Announcement

Collapse
No announcement yet.
X
  • Filter
  • Time
  • Show
Clear All
new posts

  • Issue with xtile in creating the specified number of quintiles

    I used the pca to combine information on 5 household assets to create an hh_index. There are some missing values and out of say N=1000 observations in total, the index is created only for 750 observations, because of missing values.
    After predicting hh_index, I use
    xtile hh_index5 = hh_index, nq(5)
    When I tabulate the results, instead of 5 quintiles, it produces only 3.
    I tried this on different example variables, but end up with incorrect results, especially when using nq>3
    Why does this happen?
    Last edited by Gby Atee; 25 Feb 2022, 06:57.

  • #2
    This is often asked here and the short answer will be ties in the data. xtile necessarily maps observations with the same value to the same quantile bin. I can't agree that such results are incorrect.

    The use of PCA as intermediary here is not material as observations with the same values on the original variables will similarly have identical principal component scores.

    More discussion at

    SJ-18-3 dm0095 . . . . . . . . . . . Speaking Stata: From rounding to binning
    . . . . . . . . . . . . . . . . . . . . . . . . . . . . . . N. J. Cox
    Q3/18 SJ 18(3):741--754 (no commands)
    basic review of how to bin variables in Stata, meaning how to
    divide their range or support into disjoint intervals

    SJ-12-4 pr0054 . . . . . . . . . . Speaking Stata: Matrices as look-up tables
    . . . . . . . . . . . . . . . . . . . . . . . . . . . . . . N. J. Cox
    Q4/12 SJ 12(4):748--758 (no commands)
    illustrates the use of matrices as look-up tables

    In Stata, type


    Code:
    search bin, sj
    to get links to .pdf versions of these papers and skim using the section titles.

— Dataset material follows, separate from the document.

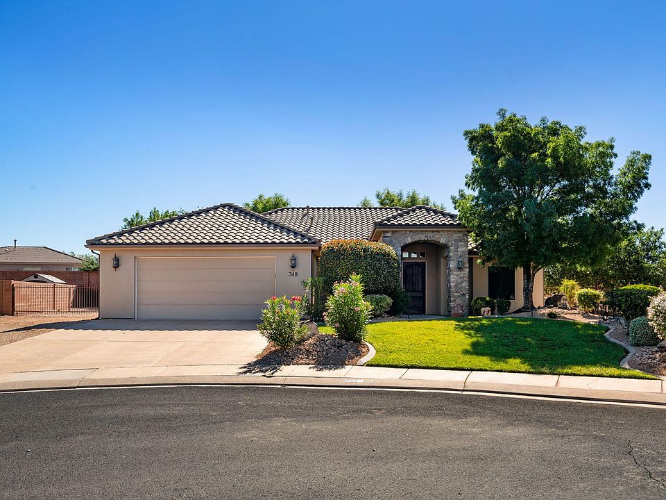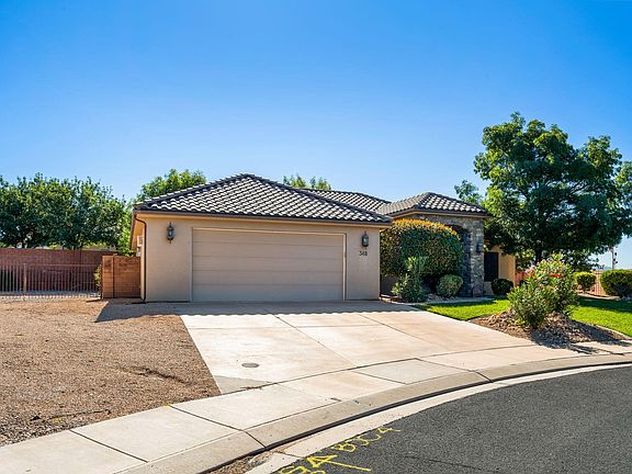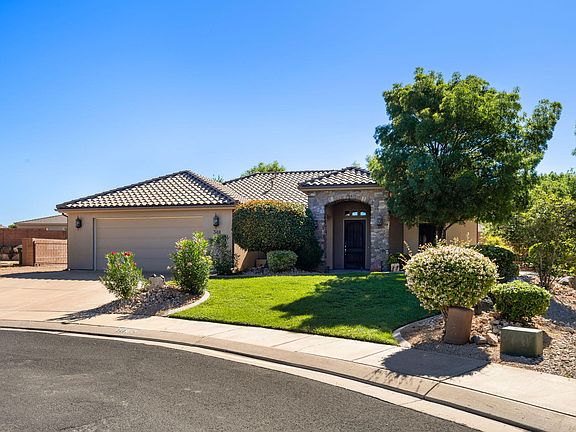 This spacious rambler sits on a low traffic street with a fully fenced .35 acre private yard. Home features: split bedroom style with possible 4th bedroom (den); screened in porch; dog run; oversized 614 s/f garage; extra length parking for RV; osmossis water system; HVAC replaced in 2022; new quartz tops. Close to shopping, Grandpa's Pond, Quail Lake, Sand Hollow. Square footage figures are provided as a courtesy estimate only and were obtained from county records. Buyer is advnsed to obtain an independent measurement. Agent related to seller.

    With your data, I recommend

    Code:
    tab hh_index hh_index5 
    
    quantile hh_index, ms(none) mlabpos(0) mla(hh_index5) 
    If this answer doesn't satisfy, please show us the results of those commands.

    Comment


    • #3
      Originally posted by Gby Atee View Post
      I used the pca to combine information on 5 household assets to create an hh_index. There are some missing values and out of say N=1000 observations in total, the index is created only for 750 observations, because of missing values.
      After predicting hh_index, I use
      xtile hh_index5 = hh_index, nq(5)
      When I tabulate the results, instead of 5 quintiles, it produces only 3.
      I tried this on different example variables, but end up with incorrect results, especially when using nq>3
      Why does this happen?
      This is what I did earlier

      pca katcha semi_katcha pucca hh_electricity_conn hh_tv hh_mobile
      predict hh_index
      Attached Files

      Comment


      • #4
        Originally posted by Nick Cox View Post
        This is often asked here and the short answer will be ties in the data. xtile necessarily maps observations with the same value to the same quantile bin. I can't agree that such results are incorrect.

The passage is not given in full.